Так говорил мне раненый раджа, думая иное. Ни на мгновение он не мог поверить, что человек, обладающий силой и знатностью, оденет на себя кожаные доспехи и будет странствовать с горсткой лучников. Но он нас боялся. Страх трепетал над его носилками, принимая форму летучих мышей, режущих воздух над нашими головами.
Не видя оснований лгать, я ответил ему, что мы — дваждырожденные. Он опять не поверил, но на этот раз хоть признался в этом.
Слава богам, я уже давно живу на свете и могу отличить кшатрия от этих никчемных проповедников. Разве смог бы кто-нибудь из них убивать так легко и красиво? Брахманы ленятся даже бросить в землю зерно и собрать урожай, подобно этим ничтожным вайшьям. Я знал только одного дваждырожденного, который был похож на мужчину — старый риши в ашраме Красной горы на границе моих владений. У него хватило мужества противостоять даже мне!

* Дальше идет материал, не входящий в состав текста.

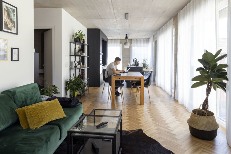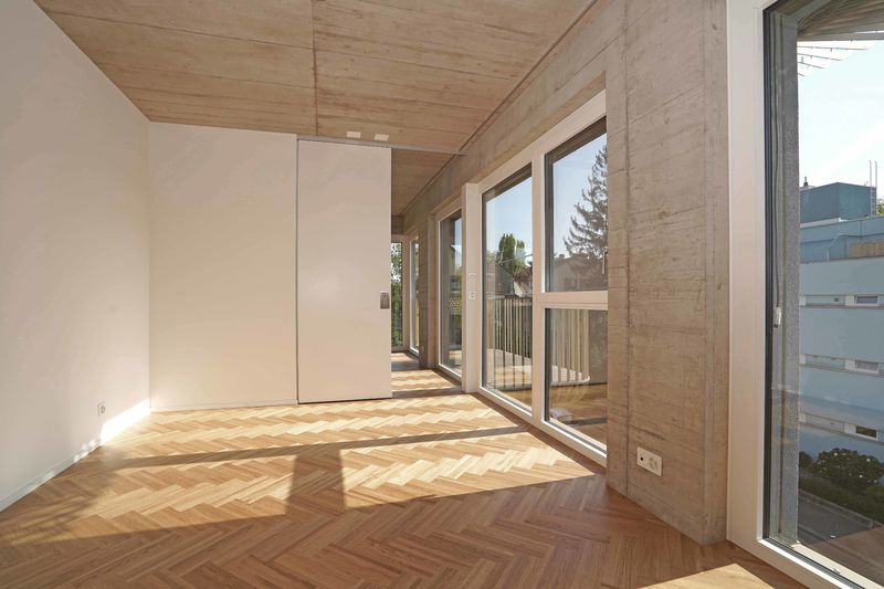 Das Gebäude besteht aus einem Kern und einer tragenden Aussenwand. Dazwischen kann der Raum flexibel angepasst, oder Strangsanierungen nach mehreren Jahren einfach ersetzten werden. Lichtdurchflutete fliessende Räume. Tragende Decken und Wände sind in Beton roh belassen und die Balkone sind komplett aus Stahl, verzinkt und pulverbeschichtet. Es wurde darauf verzichtet Materialien zu kombinieren, um den Prozess der Demontage und des Recyclings in Zukunft einfacher zu machen.
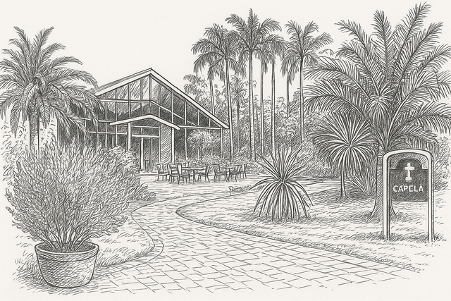 A Casa de Campo foi o lugar escolhido por nós graças a sua linda construção contemporânea feita inteiramente de vidros. O design do lugar é marcado por uma imponente porta de madeira e pé-direito alto, com muita natureza ao redor. Não deixe de observar as lindas jabuticabeiras do salão.

Почему ты говоришь о нем, как об ушедшем?
Потому что он умер еще в прошлый сезон дождей, — ответил раджа, — вернее, его убили… Нет, не мои люди. На него я зла не держал. Наверное, какие-нибудь разбойники. Ничего святого не осталось у людей в этом мире.
Черный мрак небытия. Пронзительная боль утраты. Невозможность вернуться… Я никогда не думал, что жизнь Учителя может оборваться. В нем была настоящая крепость. Такую не обретешь ни молитвами, ни упражнениями. Сила была присуща моему риши, как твердость горе, как покой пещере. Казалось, он вечен, как сама Красная гора… И он пришел за мной пешком в деревню и ухаживал за раненым Митрой, потому что был по-настоящему велик. Может быть, его сила не уступала могуществу патриархов, хоть он ни разу и не показывал ее мне. Он шел земными путями. И поземному закончил свой путь. Странно, но я никогда не думал об этом раньше. Я забыл об окружающих, пытаясь унять боль.